AVAILABLE DATA
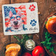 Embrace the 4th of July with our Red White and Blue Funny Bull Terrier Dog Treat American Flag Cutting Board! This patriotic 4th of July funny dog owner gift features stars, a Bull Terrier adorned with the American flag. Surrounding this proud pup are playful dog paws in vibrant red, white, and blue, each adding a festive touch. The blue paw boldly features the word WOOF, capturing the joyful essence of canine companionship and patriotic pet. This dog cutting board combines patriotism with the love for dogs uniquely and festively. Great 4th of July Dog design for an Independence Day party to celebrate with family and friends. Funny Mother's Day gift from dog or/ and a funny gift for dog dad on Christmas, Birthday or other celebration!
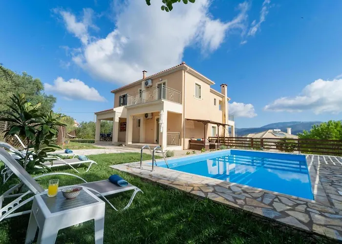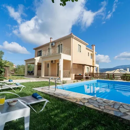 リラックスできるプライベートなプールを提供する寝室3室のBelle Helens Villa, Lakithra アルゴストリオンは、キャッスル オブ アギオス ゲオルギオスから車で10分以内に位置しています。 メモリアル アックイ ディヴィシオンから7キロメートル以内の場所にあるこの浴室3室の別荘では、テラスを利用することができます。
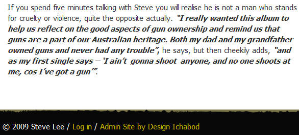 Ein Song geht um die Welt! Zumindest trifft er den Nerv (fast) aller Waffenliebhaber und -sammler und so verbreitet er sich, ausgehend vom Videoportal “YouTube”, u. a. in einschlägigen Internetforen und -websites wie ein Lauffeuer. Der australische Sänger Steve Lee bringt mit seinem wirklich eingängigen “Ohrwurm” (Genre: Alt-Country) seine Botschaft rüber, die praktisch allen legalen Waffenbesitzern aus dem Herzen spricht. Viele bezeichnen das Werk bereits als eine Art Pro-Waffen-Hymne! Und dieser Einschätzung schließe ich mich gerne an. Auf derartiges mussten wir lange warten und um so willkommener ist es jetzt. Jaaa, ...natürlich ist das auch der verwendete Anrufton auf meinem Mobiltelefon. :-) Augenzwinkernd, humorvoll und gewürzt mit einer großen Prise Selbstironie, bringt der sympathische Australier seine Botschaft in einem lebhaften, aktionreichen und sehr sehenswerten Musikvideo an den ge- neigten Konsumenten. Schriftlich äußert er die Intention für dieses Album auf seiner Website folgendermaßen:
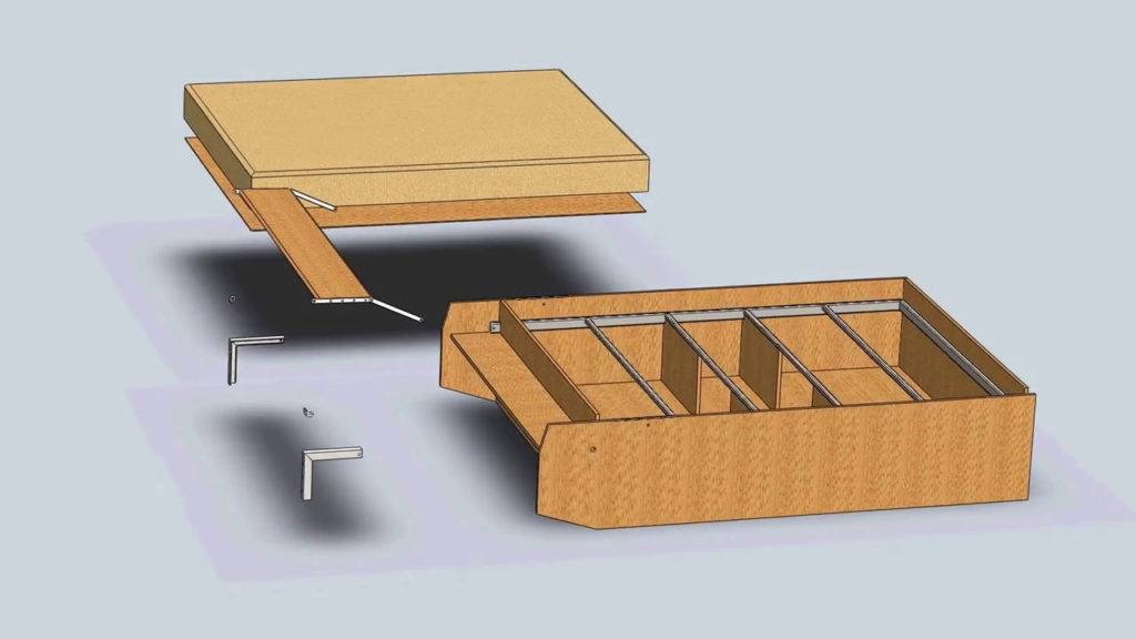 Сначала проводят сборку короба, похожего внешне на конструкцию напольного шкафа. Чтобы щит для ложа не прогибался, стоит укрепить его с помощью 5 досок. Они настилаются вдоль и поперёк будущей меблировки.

DIRECTIONS FOR THIS TASK
The data above must be written out again without alteration, and the pictures in them must be excluded.

SOLUTION BELOW
 Embrace the 4th of July with our Red White and Blue Funny Bull Terrier Dog Treat American Flag Cutting Board! This patriotic 4th of July funny dog owner gift features stars, a Bull Terrier adorned with the American flag. Surrounding this proud pup are playful dog paws in vibrant red, white, and blue, each adding a festive touch. The blue paw boldly features the word WOOF, capturing the joyful essence of canine companionship and patriotic pet. This dog cutting board combines patriotism with the love for dogs uniquely and festively. Great 4th of July Dog design for an Independence Day party to celebrate with family and friends. Funny Mother's Day gift from dog or/ and a funny gift for dog dad on Christmas, Birthday or other celebration!
 リラックスできるプライベートなプールを提供する寝室3室のBelle Helens Villa, Lakithra アルゴストリオンは、キャッスル オブ アギオス ゲオルギオスから車で10分以内に位置しています。 メモリアル アックイ ディヴィシオンから7キロメートル以内の場所にあるこの浴室3室の別荘では、テラスを利用することができます。
 Ein Song geht um die Welt! Zumindest trifft er den Nerv (fast) aller Waffenliebhaber und -sammler und so verbreitet er sich, ausgehend vom Videoportal “YouTube”, u. a. in einschlägigen Internetforen und -websites wie ein Lauffeuer. Der australische Sänger Steve Lee bringt mit seinem wirklich eingängigen “Ohrwurm” (Genre: Alt-Country) seine Botschaft rüber, die praktisch allen legalen Waffenbesitzern aus dem Herzen spricht. Viele bezeichnen das Werk bereits als eine Art Pro-Waffen-Hymne! Und dieser Einschätzung schließe ich mich gerne an. Auf derartiges mussten wir lange warten und um so willkommener ist es jetzt. Jaaa, ...natürlich ist das auch der verwendete Anrufton auf meinem Mobiltelefon. :-) Augenzwinkernd, humorvoll und gewürzt mit einer großen Prise Selbstironie, bringt der sympathische Australier seine Botschaft in einem lebhaften, aktionreichen und sehr sehenswerten Musikvideo an den ge- neigten Konsumenten. Schriftlich äußert er die Intention für dieses Album auf seiner Website folgendermaßen:
 Сначала проводят сборку короба, похожего внешне на конструкцию напольного шкафа. Чтобы щит для ложа не прогибался, стоит укрепить его с помощью 5 досок. Они настилаются вдоль и поперёк будущей меблировки.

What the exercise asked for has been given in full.